# [Dataset excerpt]
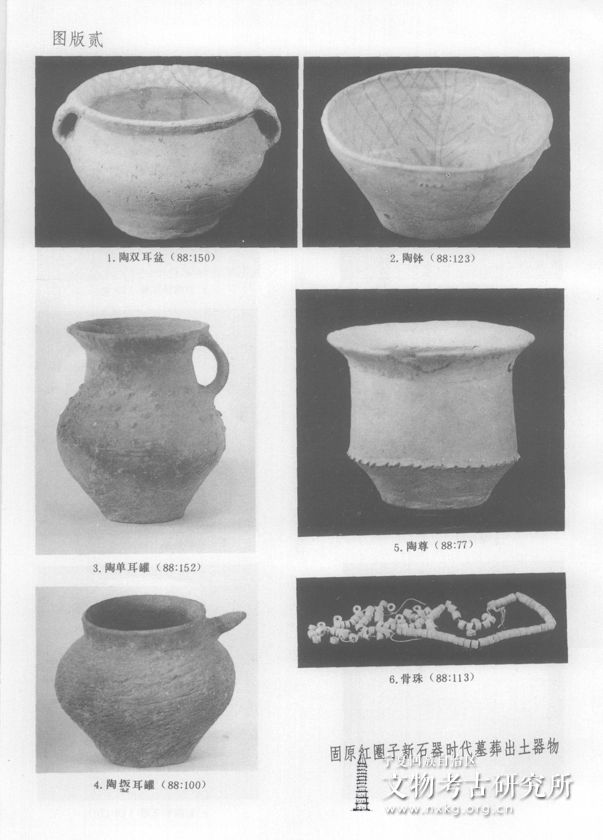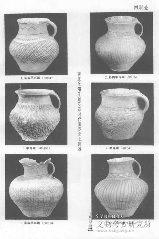 红圈子墓地与宁夏海原县菜园村林子梁遗址(地处北纬36°32',东经105°33 ')直线距离仅60公里。红圈子墓地的主体部分与林子梁遗址第一期有密切关系,例如红圈子的夹砂单耳罐Ⅱ式88:159、88:163与林子梁的小口单耳罐M2:2、3(《文物》1988年9期,4页,图五,14、15)的竖划纹是相同的。红圈子墓地的泥质和夹砂单耳罐共有58件,占征集陶器总数(118件)的49.15%,单耳发达这一点也与林子梁遗址第一期相同。但两地陶器总的特征存在差异,尤其与林子梁遗址第二期的差异更明显。该墓地的资料对于研究宁夏南部新石器时代晚期的文化内涵具有重要意义。
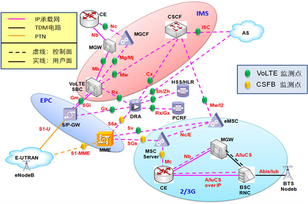 通过监测分析EPC、IMS、2G/3G的全部接口信令和数据,获得用户VoLTE的全协议流程信息和关键指标,快速定位网络中VoLTE的问题环节。
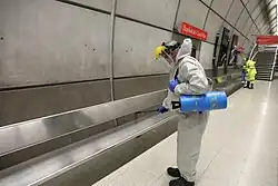 Em 23 de março de 2020, havia 240.245 policiais[186] e mais de 2.500 militares destacados em todo o país.[187] Alguns policiais fizeram viagens a populações em quarentena e tocaram música.[188] Em 24 de março, o governo assumiu o controle de casas de repouso privadas em todo o país e anunciou uma investigação judicial depois que as tropas encontraram pacientes em casas de repouso que haviam morrido de COVID-19 deixados mortos em suas camas.[189] Em Madri, os hospitais recusaram transferências de lares de idosos e uma pista de patinação foi usada para armazenar cadáveres enquanto o necrotério da cidade transbordava.[189] Em 31 de março, a polícia havia emitido 100.000 citações e prendido 1.000 pessoas por violar os regulamentos de distanciamento social. As multas podem variar de 100 a 30.000 euros por violações graves ou até quatro meses de prisão.[190][191] Drones são usados para aplicação. A polícia também montou 30.000 barreiras para impedir que as pessoas viajem.[192] Em 10 de abril, 3.000 motoristas foram sancionados por violar a quarentena, enquanto milhares eram parados todos os dias.[193]
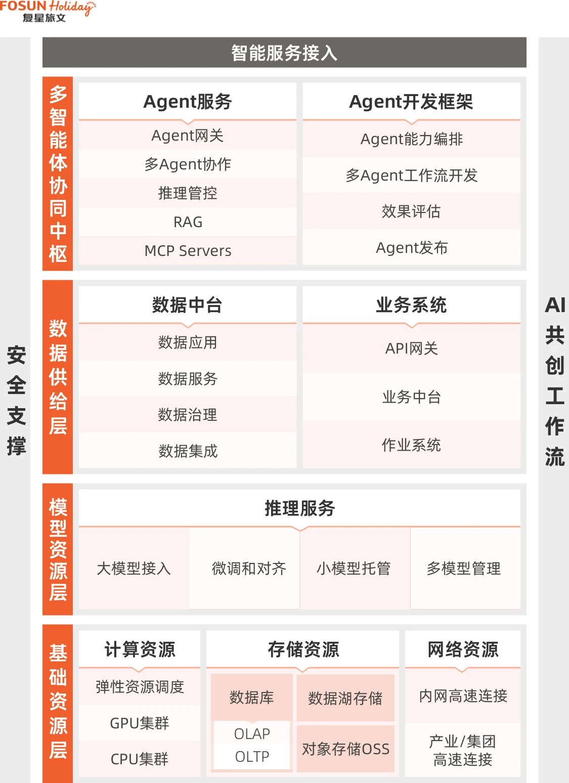 在的数据方面,白皮书明确提出“双轨数据供给”策略:一方面,通过业务系统API提供实时结构化数据支撑AI推理与场景感知;另一方面,通过湖仓一体化的数据中台提供高质量的历史数据、标签体系与向量检索能力,服务于AI模型训练、RAG检索与用户画像。数据不再是“后台支撑”,而是智能生成与响应的第一要素。

# [Action item]
For each line above, output its wording exactly and leave out any picture.

# [Solution below]
 红圈子墓地与宁夏海原县菜园村林子梁遗址(地处北纬36°32',东经105°33 ')直线距离仅60公里。红圈子墓地的主体部分与林子梁遗址第一期有密切关系,例如红圈子的夹砂单耳罐Ⅱ式88:159、88:163与林子梁的小口单耳罐M2:2、3(《文物》1988年9期,4页,图五,14、15)的竖划纹是相同的。红圈子墓地的泥质和夹砂单耳罐共有58件,占征集陶器总数(118件)的49.15%,单耳发达这一点也与林子梁遗址第一期相同。但两地陶器总的特征存在差异,尤其与林子梁遗址第二期的差异更明显。该墓地的资料对于研究宁夏南部新石器时代晚期的文化内涵具有重要意义。
 通过监测分析EPC、IMS、2G/3G的全部接口信令和数据,获得用户VoLTE的全协议流程信息和关键指标,快速定位网络中VoLTE的问题环节。
 Em 23 de março de 2020, havia 240.245 policiais[186] e mais de 2.500 militares destacados em todo o país.[187] Alguns policiais fizeram viagens a populações em quarentena e tocaram música.[188] Em 24 de março, o governo assumiu o controle de casas de repouso privadas em todo o país e anunciou uma investigação judicial depois que as tropas encontraram pacientes em casas de repouso que haviam morrido de COVID-19 deixados mortos em suas camas.[189] Em Madri, os hospitais recusaram transferências de lares de idosos e uma pista de patinação foi usada para armazenar cadáveres enquanto o necrotério da cidade transbordava.[189] Em 31 de março, a polícia havia emitido 100.000 citações e prendido 1.000 pessoas por violar os regulamentos de distanciamento social. As multas podem variar de 100 a 30.000 euros por violações graves ou até quatro meses de prisão.[190][191] Drones são usados para aplicação. A polícia também montou 30.000 barreiras para impedir que as pessoas viajem.[192] Em 10 de abril, 3.000 motoristas foram sancionados por violar a quarentena, enquanto milhares eram parados todos os dias.[193]
 在的数据方面,白皮书明确提出“双轨数据供给”策略:一方面,通过业务系统API提供实时结构化数据支撑AI推理与场景感知;另一方面,通过湖仓一体化的数据中台提供高质量的历史数据、标签体系与向量检索能力,服务于AI模型训练、RAG检索与用户画像。数据不再是“后台支撑”,而是智能生成与响应的第一要素。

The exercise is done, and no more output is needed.